Baca juga: Pria 26 Tahun di Betokan Demak Ditemukan Tewas Tergantung di Pohon Matoa
“Sebenarnya tidak menggerebek ya. Warga datang ke rumah Bu FT juga sopan, salam dulu. Setelah dibuka, saya lihat Pak AS tertidur di ruang tamu, sedangkan Bu FT di dalam kamar. Tidak satu ruangan,” ujar Maskuri, Selasa (2/12/2025).
Setelah memastikan situasi, warga kemudian membawa AS dan FT ke Polsek Mranggen.
Kapolsek Mranggen, AKP Kumaidi, menjelaskan bahwa peristiwa yang sempat membuat warga geger tersebut merupakan kesalahpahaman.
“Saya kira awalnya juga begitu. Warga bilang ada lurah selingkuh. Tapi setelah saya mintai keterangan, tidak demikian. Itu salah paham,” ujarnya.
AKP Kumaidi menerangkan bahwa AS berada di rumah tersebut untuk menunggu antrean pijat di tempat langganannya yang berjarak sekitar 50 meter dari lokasi.

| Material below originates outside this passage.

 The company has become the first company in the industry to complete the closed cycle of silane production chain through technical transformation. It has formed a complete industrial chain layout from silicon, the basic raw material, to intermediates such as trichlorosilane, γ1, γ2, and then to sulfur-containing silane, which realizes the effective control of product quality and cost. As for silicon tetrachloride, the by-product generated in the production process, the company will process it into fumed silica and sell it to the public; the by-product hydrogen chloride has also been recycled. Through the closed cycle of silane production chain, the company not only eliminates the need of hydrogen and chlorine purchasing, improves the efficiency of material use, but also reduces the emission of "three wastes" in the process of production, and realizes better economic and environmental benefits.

“Jadi 50 meter dari rumah saudaranya itu ada tempat pijat dan kebetulan sedang antre. AS nunggu antrean di rumah saudaranya itu,” jelasnya.
Ia menambahkan, AS sudah berkomunikasi sebelumnya dengan pemilik rumah—yang merupakan saudaranya—dan sekalian membawa obat untuk anak saudaranya yang sedang sakit.

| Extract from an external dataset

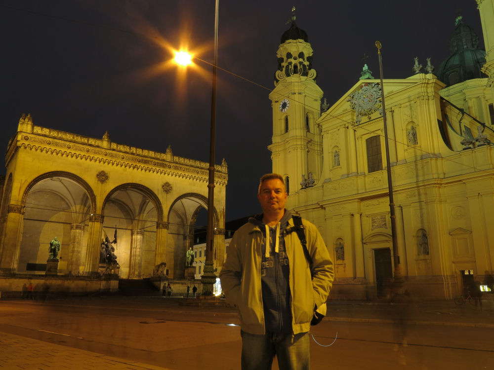 Feldherrnhalle, Theatinerkirche ja minä Odeonsplatzilla.

“AS ini sudah komunikasi sebelumnya. Saudaranya bilang kalau anaknya lagi sakit. Jadi AS sekaligus bawakan obat. Memang kebetulan di dalam rumah itu cuma ada AS, istri dan anak saudaranya,” tambahnya.
Sementara itu, suami FT, Akmal, membenarkan bahwa dirinya masih satu keluarga dengan AS.
“Saya dan Pak AS itu kakak sepupu. Karena saya di luar kota, saya minta tolong untuk mengantarkan obat alergi buat istri dan obat buat anak saya yang sakit,” kata Akmal.
Ia mengaku langsung pulang setelah mendengar kabar tersebut.
“Saya kaget juga heran. Lha AS ini kan keluarga saya, kok warga salah paham. Baru sampai Indramayu, saya langsung pulang naik pesawat untuk mengklarifikasi kejadian ini,” ujarnya.
Atas kejadian itu, Unit Reskrim Polsek Mranggen memfasilitasi mediasi antar pihak.
Baik keluarga AS maupun keluarga FT sepakat saling memaafkan dan menyatakan bahwa peristiwa tersebut murni salah paham. (afn)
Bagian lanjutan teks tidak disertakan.